Now, this is just a thought, and I really don't have much experience with bullying, but perhaps your little girl is just so upset and sensitised by being bullied that she has reacted very badly to someone mentioning the bed wetting and perhaps teasing her a bit about it? I know my DD, who's 10,(don't know how old yours is?) will go into screaming hysterics over quite minor things sometimes because she's tired, or keyed up, or cross about something else.I certainly can imagine her being hysterical if someone found out something embarassing about her and broadcast it to the rest of her friends, and that's without being bullied.So it isn't really overreacting, just that she's very(understandably) sensitive at the moment. Pehaps leave it a few days, then ask her about it gently - try to work out exactly what was said, and by whom, and go from there. I think if it was me I would downplay it a bit, while still taking her seriously, if you know what I mean. Hope it all goes well -it must be so worrying and awful for you.XXX

hunkermunker · 25/06/2006 22:48

Oh, KM

Might she have dreamt it? Because she was so anxious about it happening?

Rhubarb · 25/06/2006 22:51

Don't send her back! Bullies never work alone, they always work in packs ('scuse the pun there!). I'm afraid that if your child is quiet or different in anyway then yes, they do have 'victim' written on them. But how you handle it will make a big impact on her. Believe her, kick off with those who should have been looking after her and send her to self defence classes to boost her confidence.

These are things I wish had been done with me.

ScummyMummy · 25/06/2006 22:57

Km- this sounds like it's getting out of hand and is massively difficult to deal with. Poor you and dd. Would you consider some family therapy or other advice on how best to handle it? I think good family therapy can be v good with this sort of thing. I just wouldn't know what to do in your place- you sound like you are trying so hard to make things right for your dd and the issue won't go away. Maybe the next step is to get some external advice? I find it very hard to ask for help and don't know whether I'd have the courage but I think it can be very useful sometimes. Hope things improve soon.

edam · 25/06/2006 23:31

Katymac, I really feel for you and for dd, having read your other threads. Have you ever been in touch with Kidscape? They are a charity who do a lot of work on bullying and might be able to help you both work some of this stuff out. Just an idea.

As someone who was bullied very badly at one school, I think you really need to show her that you believe her. While trying to work out ways of dealing with different levels of behaviour (ie with advice from Kidscape or similar organisations like Childline). If something happened that upset her because she's more sensitive to being teased now, rather than an 'OMG anyone would see this as a dramatic case of bullying', that doesn't mean it isn't very hurtful for her. She still needs support.

hunkermunker · 25/06/2006 23:32

Sorry, KM - I didn't realise there was a history of bullying - don't ask her if she dreamt it, that'll be unkind, I think.

eemie · 26/06/2006 00:46

I wouldn't downplay it.
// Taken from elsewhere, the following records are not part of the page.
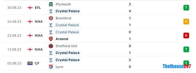 Phong độ gần đây của câu lạc bộ Crystal Palace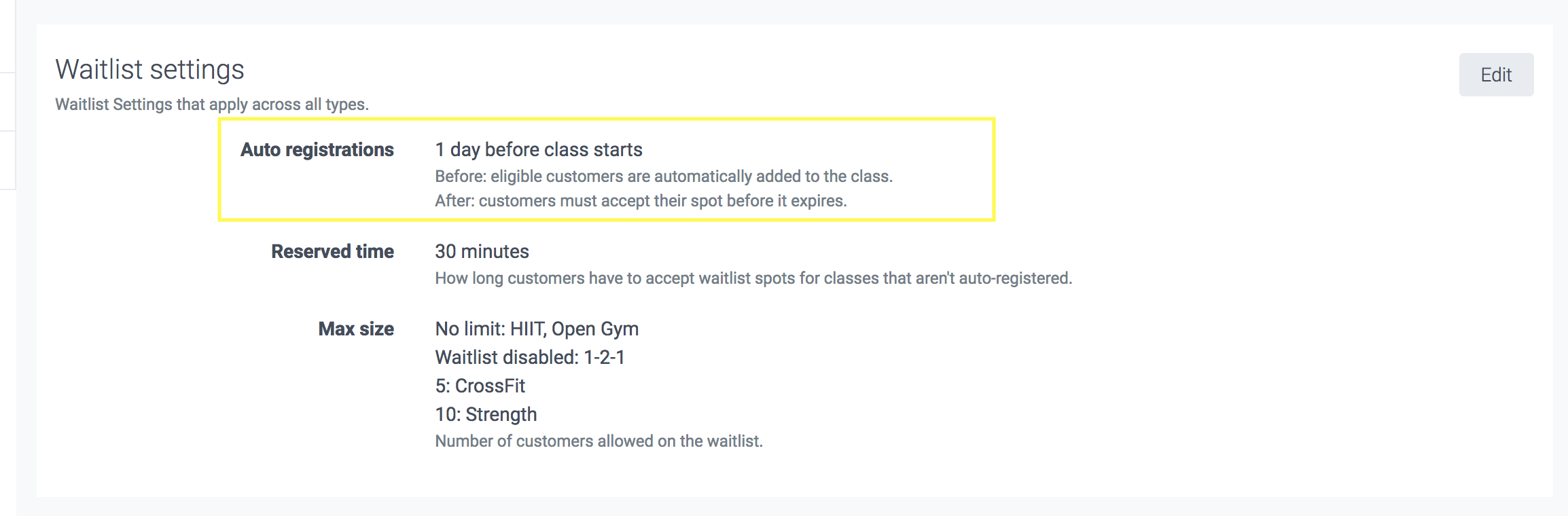 The auto-registration setting is 1 day, so if a spot opens more than 1 day before the start of the class, customers will be automatically added to the class, provided they have filled in all the relevant forms, signed the waivers, hold an applicable membership for the class and have credits left to use.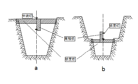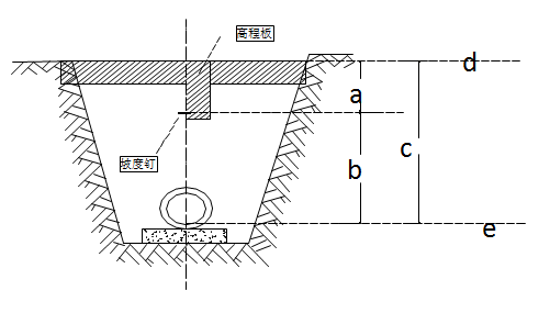 為控制溝槽開挖的深度,要測量出坡度板板頂?shù)母叱獭0屙敻叱膛c相應(yīng)的管底設(shè)計高程之差,就是從板頂向下挖土的深度。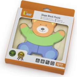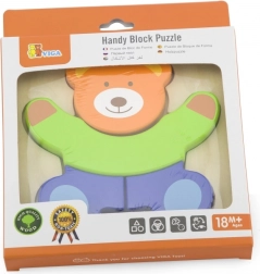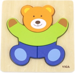 Houten mini puzzel van het bekende merk Viga voor kinderen, ideaal voor thuis en de peuterspeelzaal. De puzzel bestaat uit 4 stukjes die samen een beer vormen.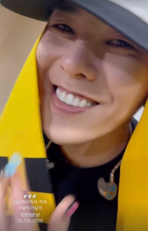 28일 지드래곤의 스태프가 운영하는 팔로미 계정 스토리에는 '그 남자의 작사, 작곡 거들먹 거들먹'이라는 글과 함께 영상이 게재됐다.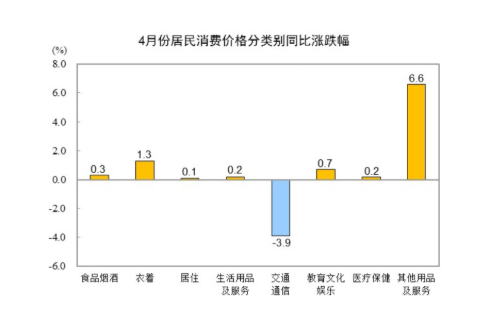 其他七大类价格同比六涨一降。其中,其他用品及服务、衣着、教育文化娱乐价格分别上涨6.6%、1.3%和0.7%,生活用品及服务、医疗保健、居住价格分别上涨0.2%、0.2%和0.1%;交通通信价格下降3.9%。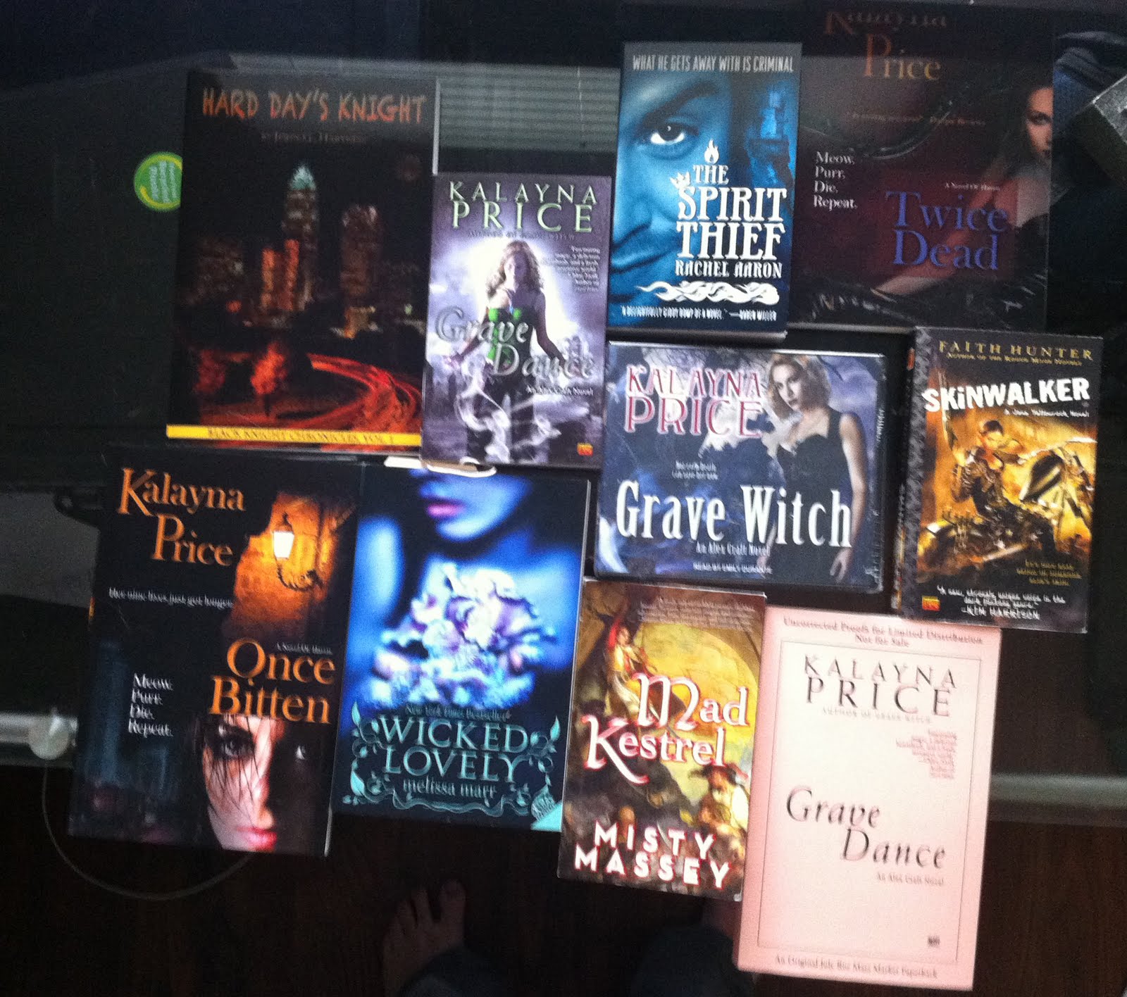 Wicked Lovely by Melissa MarrMad Kestrel by Misty MasseySkinwalker by Faith Hunter*Hard Day's Knight by John Hartness*Spirit Thief by Rachel Aaron*Once Bitten Twice Dead Grave Witch (Audio release)Grave Dance (my very last ARC)

You can let her know that it's not all right for people to say nasty things without making it seem like the end of the world.

I was badly bullied and my Mum went for the downplaying (if you just ignore them they'll get tired of it) solution, which left me feeling helpless, undefended and let down.

Believe her, start telling her about how we should be wary and critical of the people who judge us. It's part of her task in growing up.

She might wet the bed from time to time but that could happen to anyone. But she doesn't swear at her Mum/steal/[insert disapproved-of bad behaviour here].

My dd has a habit of admiring the most spiteful little madams in the playground. I often have to comfort her about nasty comments they've made - but she still likes them and will try to defend them from my disapproval. So I reckon I have to take a step back and let her work it out for herself.